| pspaf_discrete {graphPAF} | R Documentation | 
Internal, pathway specific PAF when the mediator is discrete
Description
Internal, pathway specific PAF when the mediator is discrete
Usage
pspaf_discrete(
  data,
  refval,
  riskfactor_col,
  mediator_col,
  mediator_model,
  response_model,
  weight_vec
)
Arguments
data | 
 dataframe. A dataframe (with no missing values) containing the data used to fit the mediator and response models. You can run data_clean to the input dataset if the data has missing values as a pre-processing step  | 
refval | 
 For factor valued risk factors, the reference level of the risk factor.

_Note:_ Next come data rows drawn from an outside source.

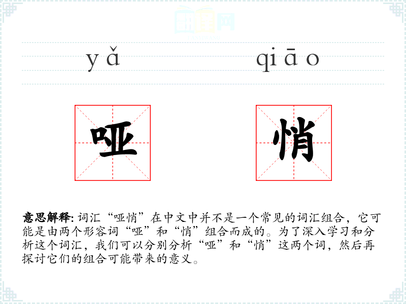 词汇“哑悄”在中文中并不是一个常见的词汇组合,它可能是由两个形容词“哑”和“悄”组合而成的。为了深入学习和分析这个词汇,我们可以分别分析“哑”和“悄”这两个词,然后再探讨它们的组合可能带来的意义。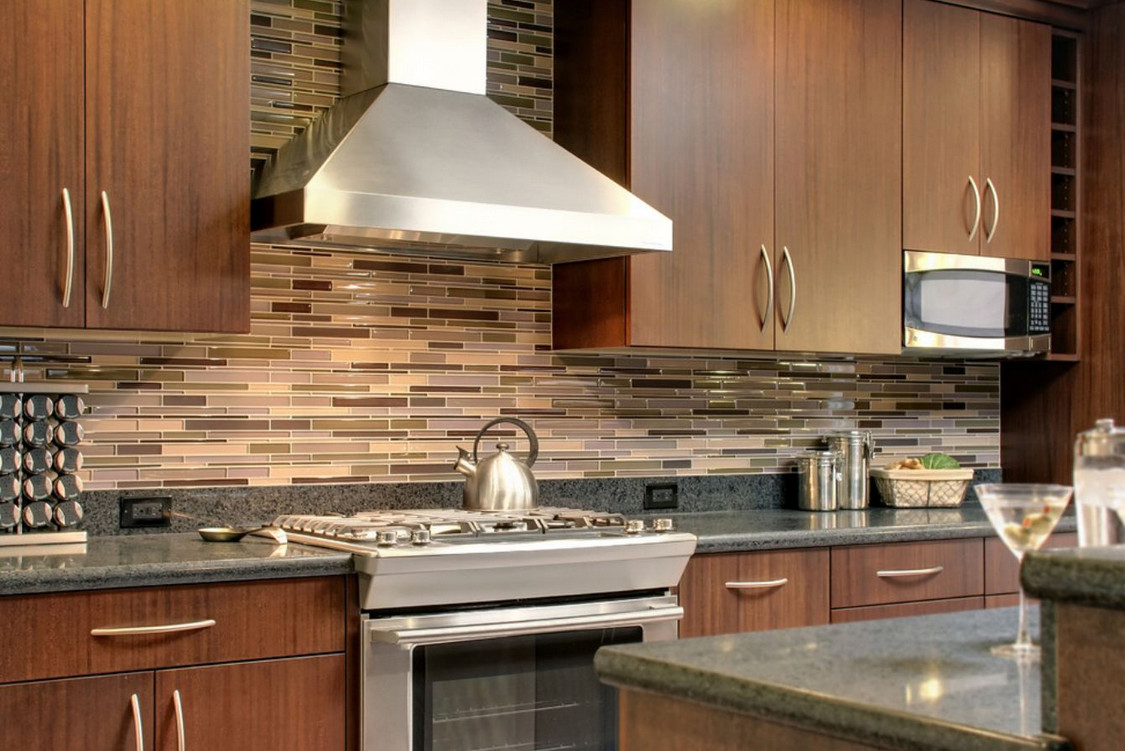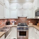 In the small-sized kitchen pick up a bright apron, it is able to visually expand the boundaries of the room. For a kitchen set in bright colors, pick up a dark apron and play on the contrast. To create a classic design, select panels with imitation bricks, wood or any other natural material. The patterned apron is more practical. On it insignificant pollution will be less noticeable.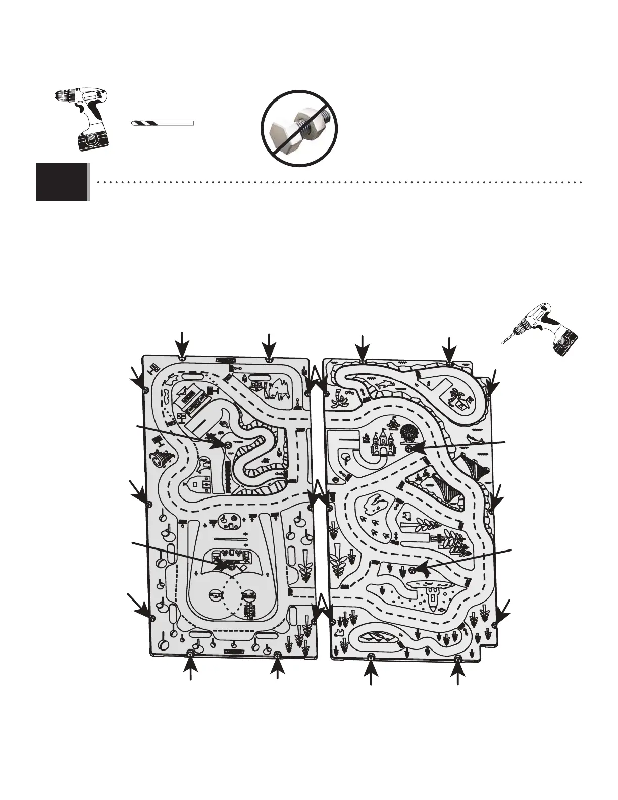 • Using a 3/8" (≈10 mm) Drill Bit, drill the Decks (FCL and FCR) at the twenty four locations indicated. Ensure you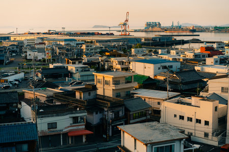 shikokuchuo-shi, ehime, japan - 3 August 2025 City view at sunset. High quality photo

If the risk factor is numeric, the reference level is assumed to be 0  | 
riskfactor_col | 
 Integer indicator for the risk factor column in data  | 
mediator_col | 
 Integer indicator for the discrete mediator column in data  | 
mediator_model | 
 A glm or polr model for the mediator, depending on the same confounders and risk factor as specified in the response model.  | 
response_model | 
 A R model object for a binary outcome that involves a risk factor, confounders and mediators of the risk factor outcome relationship. Note that a weighted model should be used for case control data. Non-linear effects should be specified via ns(x, df=y), where ns is the natural spline function from the splines library.  | 
weight_vec | 
 A numeric column of weights  | 
Value
A numeric vector (if ci=FALSE), or data frame (if CI=TRUE) containing estimated PS-PAF for each mediator referred to in mediator_models, together with estimated direct PS-PAF and possibly confidence intervals.